Friday, 29 January 2016

Why the Shani Temple Row doesn't Stir Me As a Feminist?



I believe firmly in the idea of gender-equality. Yet I am not too exercised by the latest row between the Shani Shingnapur temple authorities and a group of female activists that go by the name of Bhumata Ranragini Brigade (BRB). In order to defy the centuries old convention that prohibits women to enter the inner sanctum of the temple, members of this group tried to march into the temple on 26th January. The group had to be hemmed in by the police.

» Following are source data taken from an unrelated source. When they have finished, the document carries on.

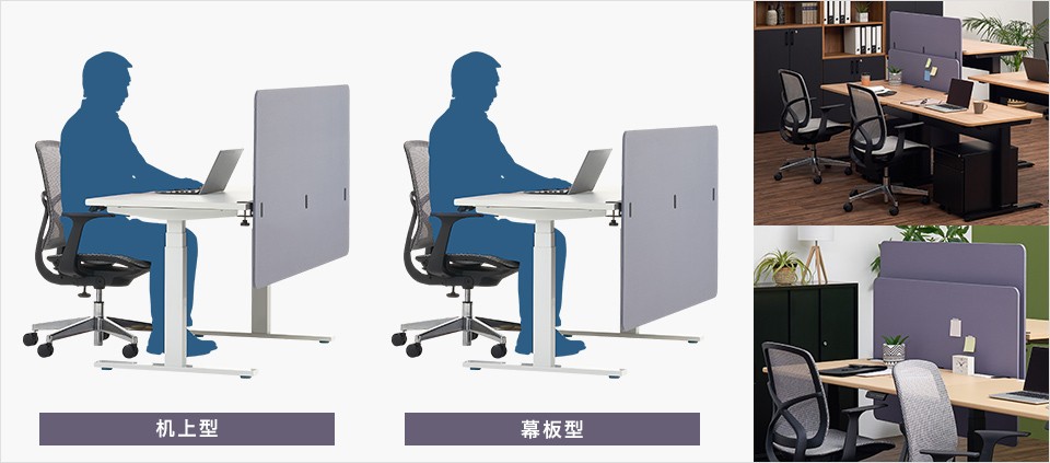 ワークスタイルに合わせて使い分けられる「机上型」と「幕板型」
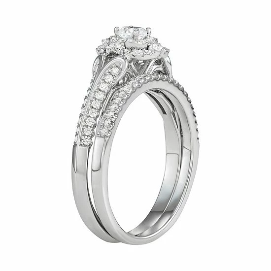 Adorned with a cluster of round-cut diamonds accompanied by diamond accents along the band, this beautiful Simply Vera Vera Wang bridal set is a magnificent symbol of your commitment.
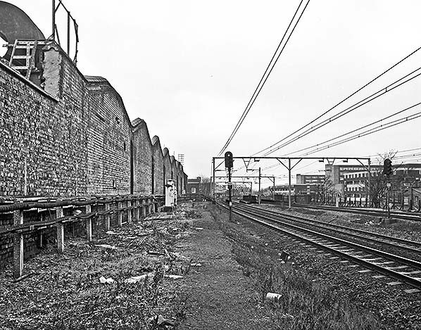 ![]() Station Name: COBORN ROAD FOR OLD FORD![]() Looking east along the degraded down platform at Coborn Road station in December 1984. Coborn Road bridge is seen in the middle distance; the first Coborn Road station was on the far
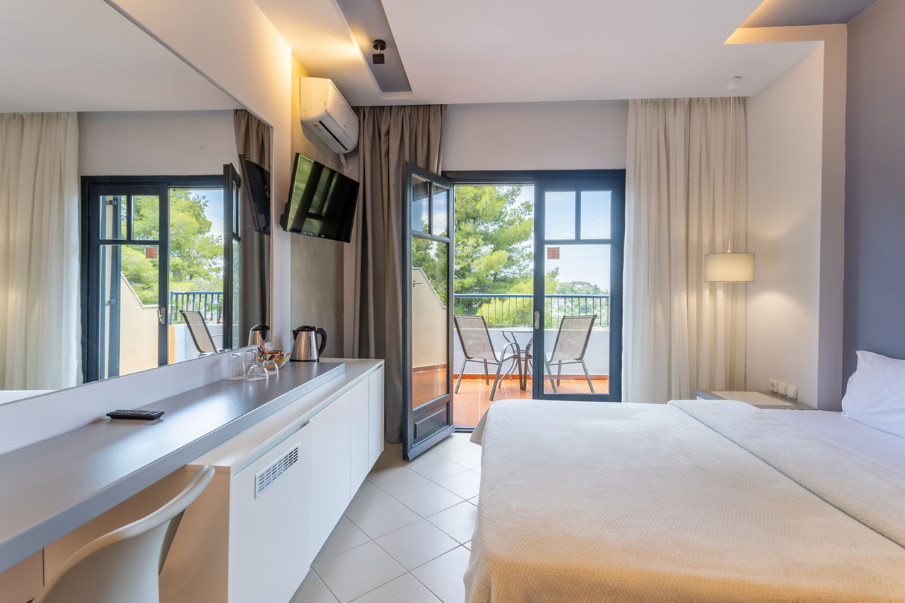Economy Double Room sleep up to 2 adults and 1 child and have bathroom containing a bath with shower attachment, air conditioning*, hairdryer, television and balcony or terrace. Room upgrade options are also available.

Ideally, as a feminist, this regressive practice should have me outraged. But, leaving politically correctness aside for a bit, it doesn’t. Because this ostensible discrimination isn’t universal. It isn’t as though all the Hindu temples disallow entry to women. Only a very few temples do. There are also temples and rituals which are meant only for the women-folk, and men are disallowed to participate in them. For every temple where a woman isn’t allowed, there are fifty where she is.
The idea of gender-based discrimination on the basis of allowing/disallowing entry in the area of worship is complicated by the polytheistic nature of Hinduism. Unlike other monotheistic religions that believe in concept of only one God, Hinduism has an assortment of Gods and Goddesses. There are sthal-devtas, gram-devtas, kul-devtas etc. and corresponding devis (demigoddesses). And like us, these gods and goddesses have their own set of idiosyncrasies and preferences. Shiva is offered Bel-patra, while Vishnu is offered Tulsi. To say that in a Shiv temple Tulsi is being discriminated against, because Tulsi is feminine, may sound a bit odd. Many of the temples are centuries old and have legends and myths associated with their respective deities and their origins, owing to which there are different rituals and traditions, some of which may favour men while others may favour women.
This is not to shy away from the fact that religion is been historically used as tool by the dominant sections of the society force the rest into submission. Many of the religious practices are blatantly patriarchal and utterly regressive (say, Karwa-chauth). And they must be questioned and fought against, by all means. But to squabble over such issues as trying to gain entry into an area which is not designed for one’s gender may actually seem like a waste of one’s energy. Why should you as a girl demand a right to enter an all-boy’s school? This by no means should sound like a defense of gender-specific institutions. My submission is that we must try to channelize our energies in trying to build and promote gender-neutral institutions, rather than trying to demolish the few antiquated ones that exist. But let us not take away the right of people to engage with a gender-specific institution. They are as much entitled to be part of one as you are entitled to build and promote a gender-neutral one.
And if this issue were actually about barring of women in a school, or any other institution (say, the parliament or the judiciary) that could really empower them, I would have fervently denounced such a practice. But does entering a temple whose God isn’t too fond of you (as the priests would have you believe) really empower you? We need to step back and reassess the whole argument. If it’s about the right to pray, then I would ask: why do you even want to pray to a God that isn’t willing to grant you an audience because of your gender? Aren’t there other more inclusive and friendlier Gods? We are Hindus—we have no dearth of variety of Gods to choose from. If my God/Goddess doesn’t like me, I don’t like them too. I go to the one that likes me. As simple as that! If you say that it’s not the God who is disfavouring you but the priests (who are almost always men) and that you want to explore the spiritual connect you feel with that God, then I would say, that’s how religion has always worked. What your Gods wants will always be told to you by someone acting as an interface. You will always get mediated and filtered responses/commands from your Gods(/Goddesses).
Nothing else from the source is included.